The rest are either finished off or sent back to the frontlines to die.
I'm not writing this out of sympathy for the "veterans" of the aggressor. Rather, it's a simple suggestion: imagine what will happen to the Kremlin's fears after a hypothetical "end of the hot phase" of the war.
There will be a mass demobilization, numbering in the hundreds of thousands. And that's what the Kremlin fears more than anything else.
It fears the very "officer generation" that Khrushchev squeezed and squeezed all the way to Gorbachev... But I won't repeat myself.
Therefore, even a hypothetical end to the war in 2025 on some "intermediate" terms, allowing the Kremlin a few years to prepare for the "final solution to the Ukrainian question," doesn't suit the current Russian leadership. Because during those years, it could cease to be in power, or at the very least experience significant erosion.
In addition to the fear of a general's coup or officer unrest, or even the infiltration of "boots" into the "vertical" — a chronic issue for the Kremlin — there is another primal, insurmountable fear.
Because a hypothetical end to the war in 2025, even under strategically favorable conditions for the Kremlin, but without the total and swift destruction of Ukraine, would be perceived by some as a defeat.
And it’s not about the population or half a million demobilized soldiers.
It’s not about the Russian army either.
This time, it’s no longer about infiltration or gradual local control.
It will be about the traditional snuffbox for the "tsar-father."
And the scariest part is the secrecy. The Kremlin clearly suspects someone has the snuffbox in their pocket, but the question is: who? Unfortunately, they will only know post-factum.
This is why the Kremlin dictator has repeatedly and hastily stated such "negotiation conditions" that no one would sign, not even as a "starting package."
Because there will be no Ukrainian capitulation, everyone understands this, even Trump. And without such a capitulation, any peace agreement is just a snuffbox.
For example, the Kremlin took trillions to the war. Has anyone lost trillions in the war? A ceasefire without capitulation would mean that the Kremlin won’t pay off all those "card debts."
Because there’s nothing to pay with. The only unique resource the Kremlin could use for this, it will not receive in 2025. We won’t give it to them.
Therefore, the real plan of the Kremlin is purely a war to the end of the lives of those who started it. The current leadership will not accept any "compromise" conditions to end the situation. They are driven by fear.

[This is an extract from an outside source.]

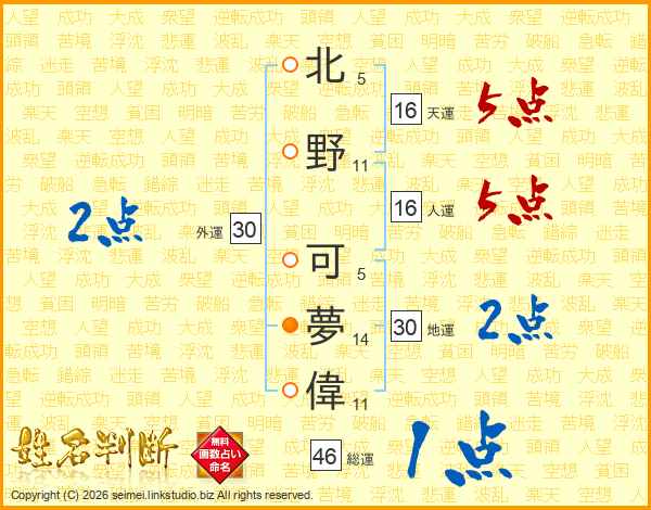 北野可夢偉さんの総運は46画の1点!

Given this, we can model certain strategies for the "negotiations" process, because fear is a bad advisor.
An imitation of "negotiations" will take place, but we must go through this stage.
This is necessary to maintain diplomatic or, more importantly, moral advantages for our partners and neutrals.
But nothing more will come from it.
So, here's a very brief summary:
There will be a lot of bad, but not so much disgraceful.
We hold much more power than we even realize.
Certain shifts in the current situation toward a different dimension will not be as the Kremlin desires, and certainly not by "Victory Day" (complete capitulation by May 9th according to the first criminal plan, fake "elections and referendums" on capitulation after "agreements"—according to the second).
Real, and of course, less tragic changes will not happen before September.
Especially if we learn how to get by without the luxuries (brioche).
About the author. Borys Babin, Ukrainian scientist, public and political figure, doctor of legal sciences, professor.
The editors do not always share the opinions expressed by the blog authors.